**Input data**:
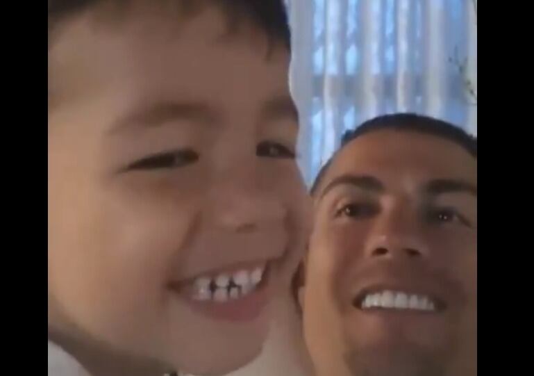 El astro portugués compartió un tierno momento junto a su hijo Mateo, a través de sus redes sociales donde le enseña su famoso "grito de guerra".
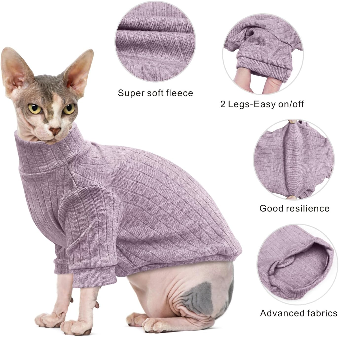 Жилетка за безкосместа котка Сфинкс, пуловер с висока яка, едноделни дрехи за котки с дълъг ръкав, котешко боди, пуловери за котенца за Сфинкс/Корниш Рекс/Девън Рекс/Петербалд
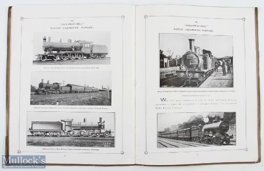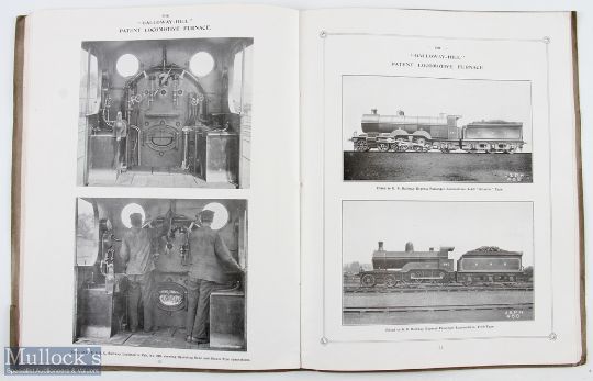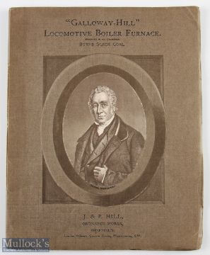 Galloway-Hill Locomotive Boiler Furnace, Ordnance Works, Sheffield. Circa 1910 Publication an impressive large 54 page Presentation publication detailing their Patent Locomotive Furnace with many photographs of Locomotives in Britain and Overseas as far away as New Zealand and Japan that are fitted with this product. Plus technical illustrations and drawings with detailing text. Printed on finest thick semi-gloss paper in card cover the front is embossed and with tipped in portrait of George Stevenson. A no expense spared publication tied in Silk cord. Size 9¾” x 12”

**Task instructions**: All lines from the beginning of the material through the line that holds "Жилетка за безкосместа", both included, should be returned exactly; please omit any pictures and add no other lines.

**Response to this exercise**:
 El astro portugués compartió un tierno momento junto a su hijo Mateo, a través de sus redes sociales donde le enseña su famoso "grito de guerra".
 Жилетка за безкосместа котка Сфинкс, пуловер с висока яка, едноделни дрехи за котки с дълъг ръкав, котешко боди, пуловери за котенца за Сфинкс/Корниш Рекс/Девън Рекс/Петербалд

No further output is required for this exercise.